::: SUPPLIED MATERIAL
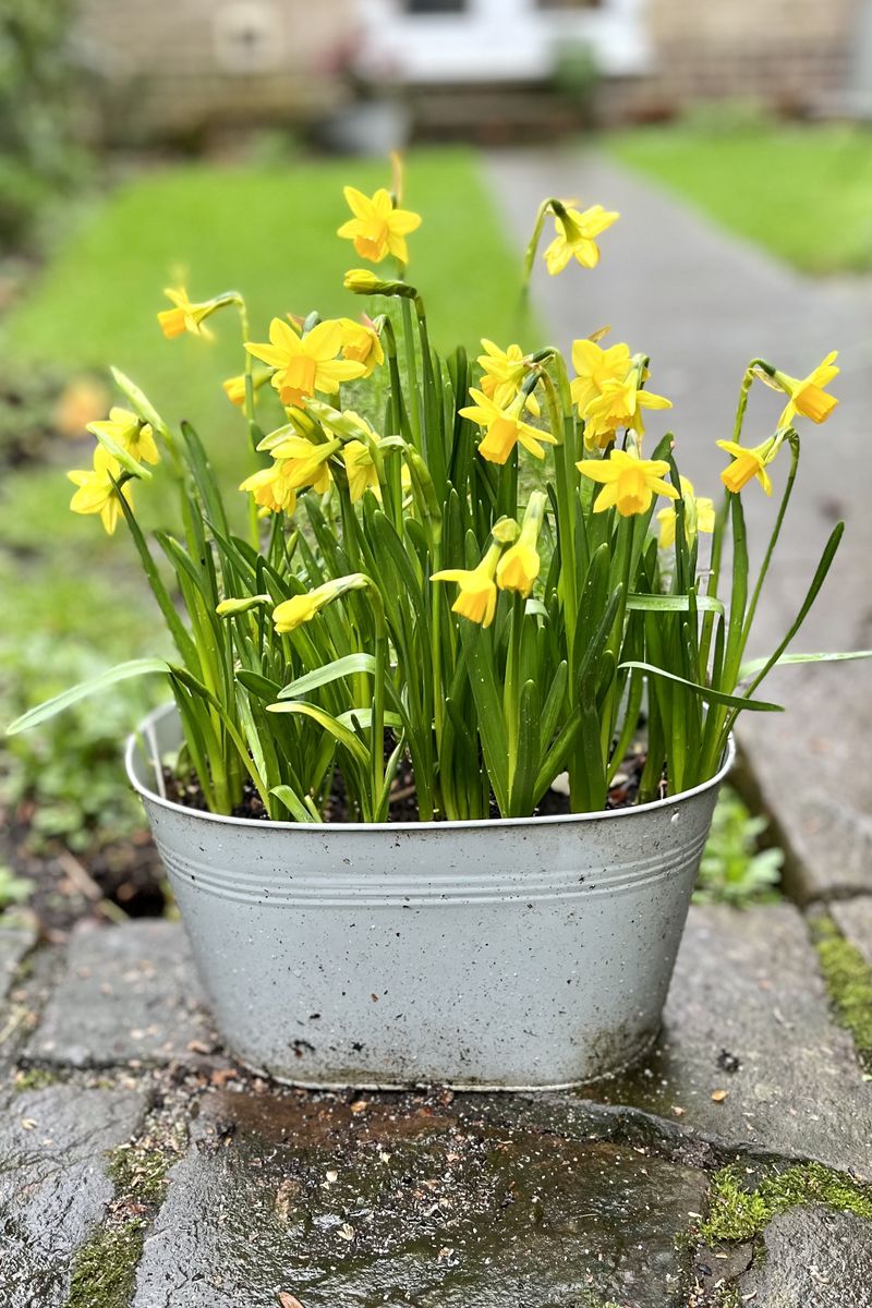 Cheery daffodils add splashes of springtime color! You can plant them in the fall, as you would with in-ground bulbs, but be careful not to let the planters freeze through. In USDA zones 6 and under, consider insulating the planters or even bringing them into a garage or cellar where they’ll stay under about 45°F through the winter.
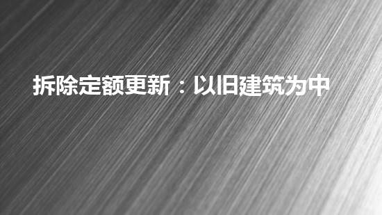 拆除定额更新:以旧建筑为中心的新标准摘要:随着城市化的加速,旧建筑的拆除工作变得十分重要。如何科学、规范、高效地进行旧建筑拆除,已经成为建筑工程领域的一个重要课题。本文将以拆除定额更新:以旧建筑为中心...
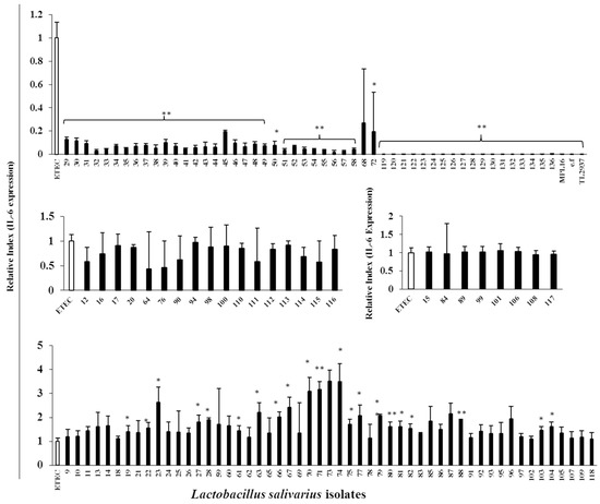 The potential immunomodulatory capacities of all the 128 LAB isolated colonies were evaluated in a PIE cell model. For this purpose, PIE cells were pre-stimulated with each isolate for 48 h, followed by ETEC challenge for 12 h for TLR4 stimulation [18]. Then, the expression of IL-6 was measured. Taking into consideration the changes in the levels of IL-6 expression, lactobacilli isolates were divided into four groups: 50 L. salivarius isolates with the ability to strongly decrease IL-6, 15 L. salivarius isolates that moderately decreased this cytokine, 55 strains that increased IL-6, and 8 isolates with no effect on IL-6 expression in PIE cells after ETEC challenge (Figure 4).
::::::
WORK REQUIRED: With the pictures removed, repeat the listing above exactly as it stands.

EXPECTED ANSWER:
 Cheery daffodils add splashes of springtime color! You can plant them in the fall, as you would with in-ground bulbs, but be careful not to let the planters freeze through. In USDA zones 6 and under, consider insulating the planters or even bringing them into a garage or cellar where they’ll stay under about 45°F through the winter.
 拆除定额更新:以旧建筑为中心的新标准摘要:随着城市化的加速,旧建筑的拆除工作变得十分重要。如何科学、规范、高效地进行旧建筑拆除,已经成为建筑工程领域的一个重要课题。本文将以拆除定额更新:以旧建筑为中心...
 The potential immunomodulatory capacities of all the 128 LAB isolated colonies were evaluated in a PIE cell model. For this purpose, PIE cells were pre-stimulated with each isolate for 48 h, followed by ETEC challenge for 12 h for TLR4 stimulation [18]. Then, the expression of IL-6 was measured. Taking into consideration the changes in the levels of IL-6 expression, lactobacilli isolates were divided into four groups: 50 L. salivarius isolates with the ability to strongly decrease IL-6, 15 L. salivarius isolates that moderately decreased this cytokine, 55 strains that increased IL-6, and 8 isolates with no effect on IL-6 expression in PIE cells after ETEC challenge (Figure 4).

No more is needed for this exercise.